But there is also this-you cannot just accept part of the Constitution. With great rights come great responsibilities and among those is the freedom to DISAGREE. While the actor from "Hamilton" was certainly free to express his opinions-did he take a poll to assure that they reflected every other player, union worker and member of the audience? Or did he instead use his position to play the bully and take what should be a positive social event and turn it into yet another boring liberal political moment?
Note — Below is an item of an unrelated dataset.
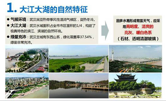 2015年8月初,武汉市国土规划局明确了“明快清爽,大气灵秀”的城市色彩形象定位,正式确定了武汉以“暖白灰橙”为代表的主色调。
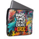 Vibrant gradient typography with the phrase "HARD TIMES DO NOT CREATE HEROES". Bold, playful design for tees and hoodies; eye-catching, conversation-starting appeal.

Beyond the liberal coasts, this doesn't necessarily play well. I teach Art History and one thing we noted as a class is that art can only be produced in those societies functioning well enough to afford their members to do things beyond the production of goods for survival. Right now, as reflected in the recent election, many many more Americans feel this nation is headed down the wrong path. Americans by and large do not trust the media outlets, who have used their position to bully in a similar fashion and it is hurting them. Newspapers are struggling. And you would think that artists, being more creative and observant, would learn from their mistakes.
While "Hamilton" will be a huge hit in large and liberal cities, the power of a play or musical is it's "legs" or it's ability to endure. If Americans decide that "Hamilton" is too high minded or too offensive or too dismissive of mainstream American views, they will not buy tickets when it comes to their town. This means in addition that regional and local theater groups will not pay to perform it and the musical will wither and die on the vine, a forgotten relic of a contentious age-as have so many others. Either these "artists" in their self-serving rage have forgotten "The Play's the Thing" or they do not care if it dies.
Free speech works both ways. Sauce for the goose, baby, sauce for the gander.